The competitors then enter in a strange order. The members of the two teams are staggered in their introductions. Everyone enters to some generic music, except Sting, who gets his own song. Cactus Jack comes out with a chainsaw in hand, which foreshadows his future tag team partner. Vader enters in his mastodon helmet, which he removes to reveal that he has finally switched to his more traditional mask. Sting is the last person to enter and Cactus and Abby jump him on the ramp.

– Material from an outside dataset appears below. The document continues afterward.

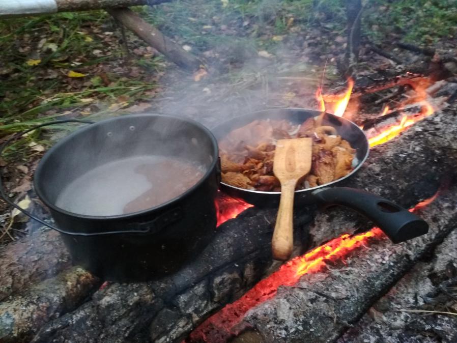 Заранее приношу извинения, если какая мысль или фотка уже засветились в параллельной теме. Ведь наша жизнь – есть переплетение сотен тем. И никак не выйдет провести гребешком и разделить жизнь на параллельные пряди. Ну так вот, заброска произошла. Мы в лесу. И первый вопрос – вода. Его я взял на себя. Облазил окружающий лес, несколько раз пытался набрать воду с болота – что-то не понравилась мне эта суспензия. Пришлось брать воду из большой лужи в сотне метров от домушки. Цвет коричневый, в жидкости много живности. Даже фильтрация не делала воду питьевой. Требовалось длительное кипячение. Но хотелось нормальной проточной водички. И принято решение сделать целевую вылазку. По GPS в 6 км от нас значилась речушка, вытекающая из болота. Туда мы и направились. Белых грибов в лесу не то чтобы «косой коси», а можно прямо комбайн заказывать. Но, к сожалению, они все старые и червивые. Несколько малышей погоды не сделают. Протопав пару км по лосиным тропкам, к своему удивлению, наткнулись на вполне свежую канистру. Ее помятость нас не смутила. В лесу ничего не нужно бросать, все пойдет в дело: канистра, проволока, гвоздь… Внутренность оказалась вполне чистая, из-под воды. Берём, очень кстати. Перескочу сразу на конец намеченного пути. Реку мы так и не нашли, хотя навигатор показывал, что мы переходим её. А шлепали мы в этот момент по самой что ни на есть болотине, по звериной тропе. Пришлось возвращаться ни с чем. Но, видимо, водяной тумблер перещелкнул внимание на окружающий мир, и мы начали находить ягоды, грибы… Никогда не ел такого вкусного шиповника. А тут еще семейками начали попадаться лисички. Черви их не любят что ли? А нам в самый раз. Вот и пригодилась пустая канистра. Вырезал окошко под грибы. Пока дотопали до домика, набрали грибов на два дня пропитания. Ну а вечером опять праздник живота. И опять насухую. (( Обедов у нас не было. Приготовление же ужинов я тоже взял на себя. Последний раз редактировалось Vital1969; 11.11.2020 в 05:45. |

Everyone else enters the cage and brawls, while Sting whips Cactus into the cage wall. Jack is lucky he didn’t fall down in the gap between the ramp and the cage. Sting then enters the cage and starts hitting everyone with Abdullah’s staff, while Scott Steiner finds a random masked man in one of the caskets. He slams the man, who comically sells his pain. We get a shot of the action from the “Refer-eye Cam”, which is a helmet-mounted camera that the referee wears. It was something WCW experimented with, but they would thankfully drop it after this event. Vader starts fighting with Sting, and we see that Vader has somehow already lost his mask. That didn’t take long. The chair of torture eventually lowers from the ceiling and nearly crushes Cactus, but he moves out of the way in time. The small cage that houses the chair takes up most of the ring, which makes it hard to do spots. Vader and Rick Steiner fight and Vader nearly puts Rick in the chair, but he fights it. Then, a bunch of orderlies arrive at ringside. They’re dressed in cheap zombie makeup, so Tony jokes that they must be the ghouls. They are there to collect the person who gets fried in the chair of torture. Meanwhile, everyone seems to have a stick and Cactus is bleeding from the head. Soon, half the men in the match are bleeding from some part of their body. At this point, Cactus notices that the switch for the chair is already in the on position and goes to fix it, but the camera follows him. Jim Ross notices this and you can hear it in his voice. He sounds like he’s trying not to laugh. Eventually, Abby and Diamond Studd place Rick Steiner in the chair. Cactus sees this and gets ready to flip the switch. However, Rick fights off the Studd and reverses Abby into the chair with a belly-to-belly suplex. He then tries to strap Abby down, but it takes a while. Cactus has to stand there, not looking at the action, and wait. Finally, Rick closes the door to the small cage and Cactus flips the switch, but Jack thinks Rick Steiner is still in the chair. Sparks and fireworks fly from the chair, while Abdullah convulses. The sparks end up catching the ring-mat on fire, so the ref has to stamp out the flames. The bell then rings to signify that Sting’s team has won the match.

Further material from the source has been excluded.